Hence the intense concern to get into activities and regions that were previously not accesible. When you tip out a Ghadaffi or Allende or install a Suharto or Pinochet you enable great expansion of investment opportunities. Usually being “the leader of the free world” enables the access quietly and politely, via offers of aid and trade deals, etc., but from time to time invasion and regime change paves the way for a lot of good business. Most if not all of those 70+ wars were about making sure we could deal with governments that were prepared to run their economies in ways that suited us.

The major beneficiaries are of course rich world corporations and banks, and the military industrial complex that secures the access.  But you and I are also major beneficiaries.  We could not go on getting all that Tantalum if global resources were allowed to be devoted to global need.
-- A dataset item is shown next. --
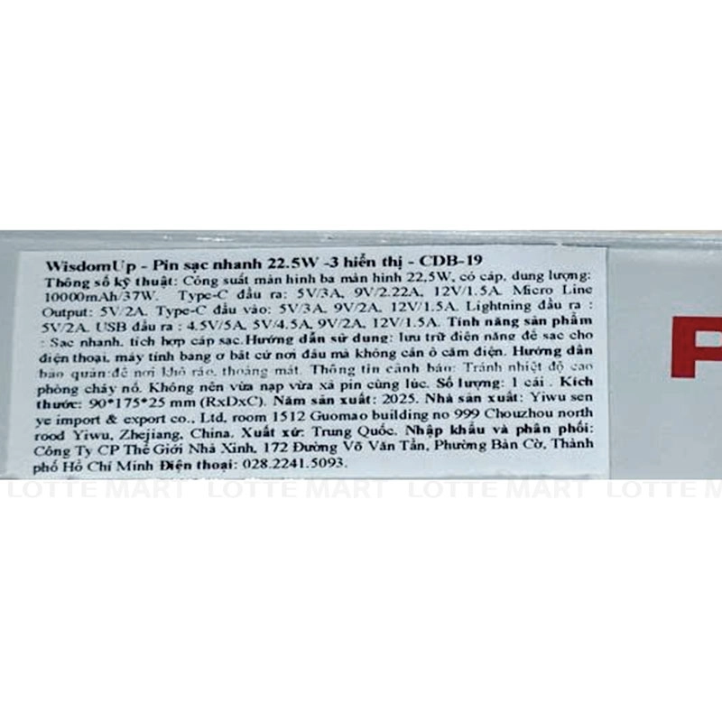 Pin Sạc Nhanh 3 Hiển Thị WisdomUp 22.5W CDB-19

So think carefully about bucketing US; they are doing the heavy lifting for you.

By the way what about the claim that the US is exceptional? It’s quite true. With respect to inequality, infant mortality, health services, life expectancy, imprisonment, voter registration, treatment of minorities, gender inequality, violence, gun ownership,  educational standards, drug dependence, racism, child care, environmental protection,  governance, aid per capita, social, militarism and military expenditure, international belligerence, and cohesion and social progress indicators…the US rates at the bottom or within the worst three OECD nations. Long ago the US was stolen by the rich. There is however no class war there.  Warren Buffet pointed out that there was, but his class won it.

When will it be realised that this is what capitalism leads to? When will it be realised that there are tight connections between US thuggery, sustainability and our affluence?

If you insist on an economic system in which you allow what is done to be determined by what the few who own most of the capital think will maximise their wealth, then you must expect and endorse increasing effort to expand the empire. If you want affluence then you would be wise to remain heavily armed and continue to support your great and powerful friend.

When will it be realised that the only way out of this is to shift to far simpler lifestyles and systems in a post-capitalist world?